▸ **Your goal**
Restate word for word the lines below that run from the one holding "[resumen.cl] La Cámara" through the one holding "Special Long Waist", inclusive. Pictures don't belong in the copy.

▸ **Supplied records**
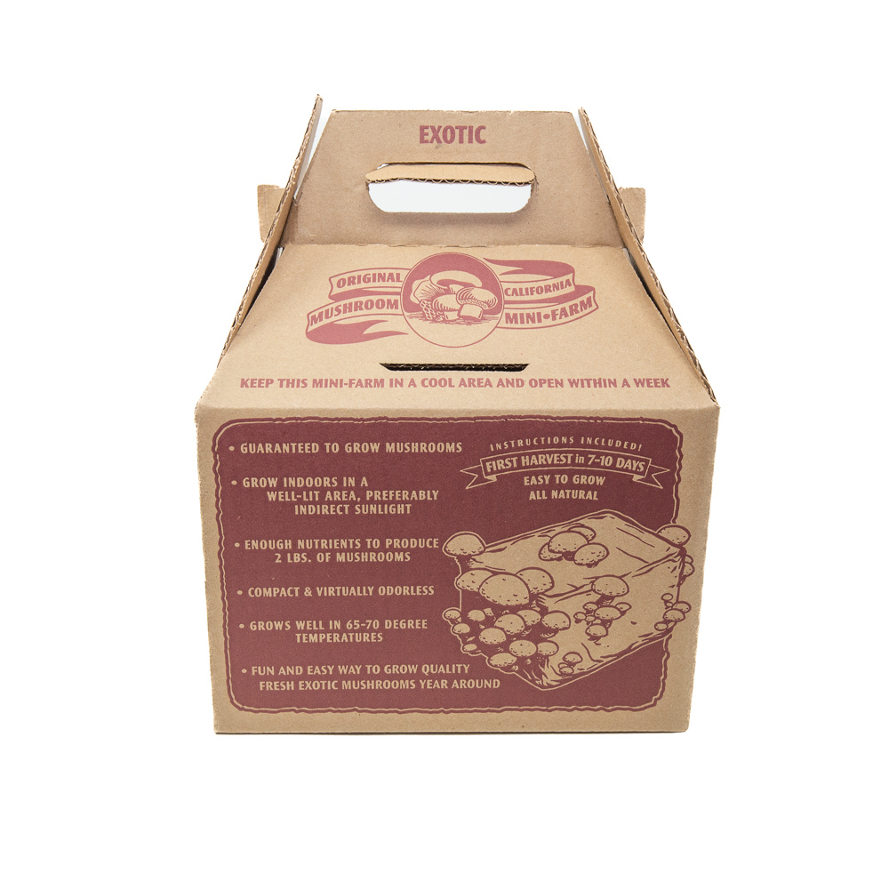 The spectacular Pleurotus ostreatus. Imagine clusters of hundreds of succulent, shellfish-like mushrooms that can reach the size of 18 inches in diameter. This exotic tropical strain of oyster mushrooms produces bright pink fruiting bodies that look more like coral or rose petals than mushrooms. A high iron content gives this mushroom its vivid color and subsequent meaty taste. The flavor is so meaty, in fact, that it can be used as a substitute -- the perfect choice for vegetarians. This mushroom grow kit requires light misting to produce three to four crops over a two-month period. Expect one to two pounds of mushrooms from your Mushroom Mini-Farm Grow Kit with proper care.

---

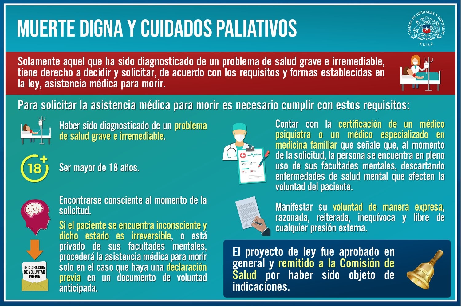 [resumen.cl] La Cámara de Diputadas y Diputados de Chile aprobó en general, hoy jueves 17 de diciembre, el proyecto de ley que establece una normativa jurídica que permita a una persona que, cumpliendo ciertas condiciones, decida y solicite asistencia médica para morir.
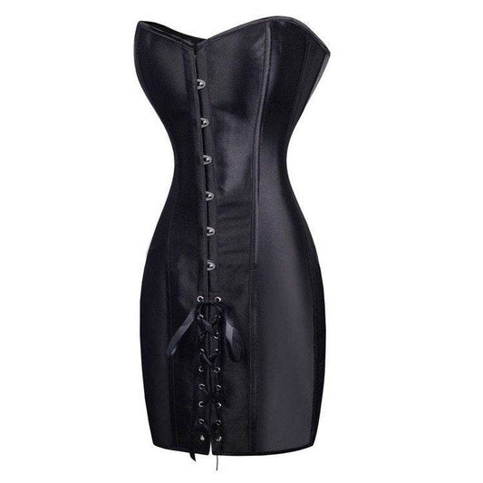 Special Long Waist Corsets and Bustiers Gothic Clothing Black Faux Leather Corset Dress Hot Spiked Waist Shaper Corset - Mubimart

▸ **Solution for this task**
 [resumen.cl] La Cámara de Diputadas y Diputados de Chile aprobó en general, hoy jueves 17 de diciembre, el proyecto de ley que establece una normativa jurídica que permita a una persona que, cumpliendo ciertas condiciones, decida y solicite asistencia médica para morir.
 Special Long Waist Corsets and Bustiers Gothic Clothing Black Faux Leather Corset Dress Hot Spiked Waist Shaper Corset - Mubimart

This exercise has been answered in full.